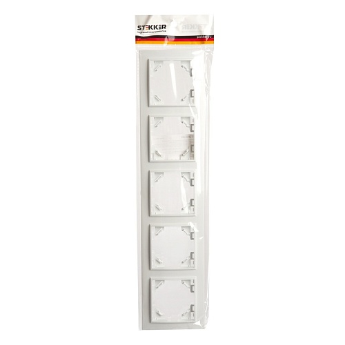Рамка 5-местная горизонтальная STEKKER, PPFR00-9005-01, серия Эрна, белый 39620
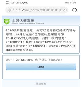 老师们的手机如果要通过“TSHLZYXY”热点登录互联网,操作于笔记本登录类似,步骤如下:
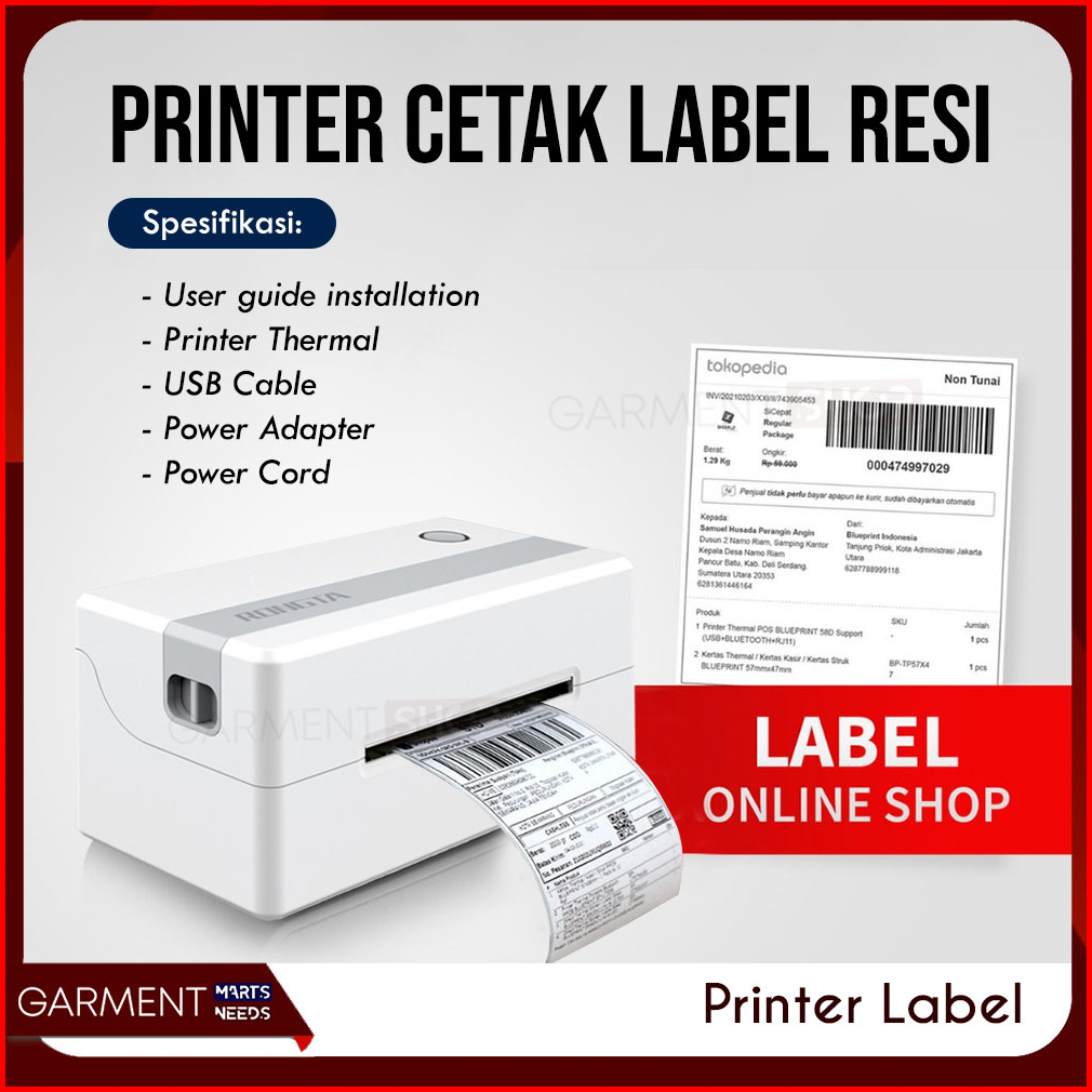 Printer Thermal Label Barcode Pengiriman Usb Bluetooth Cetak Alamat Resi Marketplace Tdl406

* * *

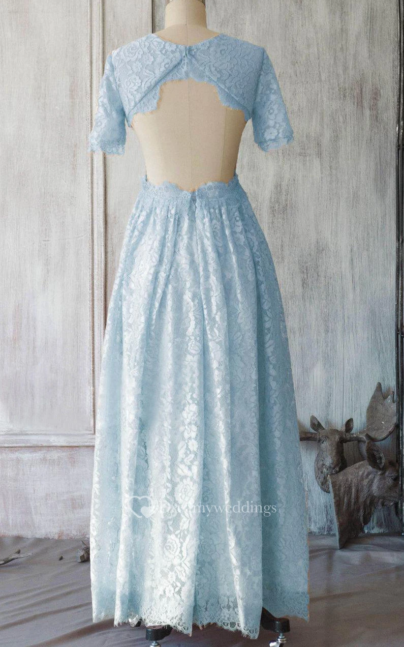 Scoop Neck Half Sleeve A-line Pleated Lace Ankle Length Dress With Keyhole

=== Directions for this task ===
Take the lines above starting at the one containing "Рамка 5-местная горизонтальная" and ending at the one containing "Printer Thermal Label", and print them again exactly, without pictures.

=== Answer for this exercise ===
Рамка 5-местная горизонтальная STEKKER, PPFR00-9005-01, серия Эрна, белый 39620
 老师们的手机如果要通过“TSHLZYXY”热点登录互联网,操作于笔记本登录类似,步骤如下:
 Printer Thermal Label Barcode Pengiriman Usb Bluetooth Cetak Alamat Resi Marketplace Tdl406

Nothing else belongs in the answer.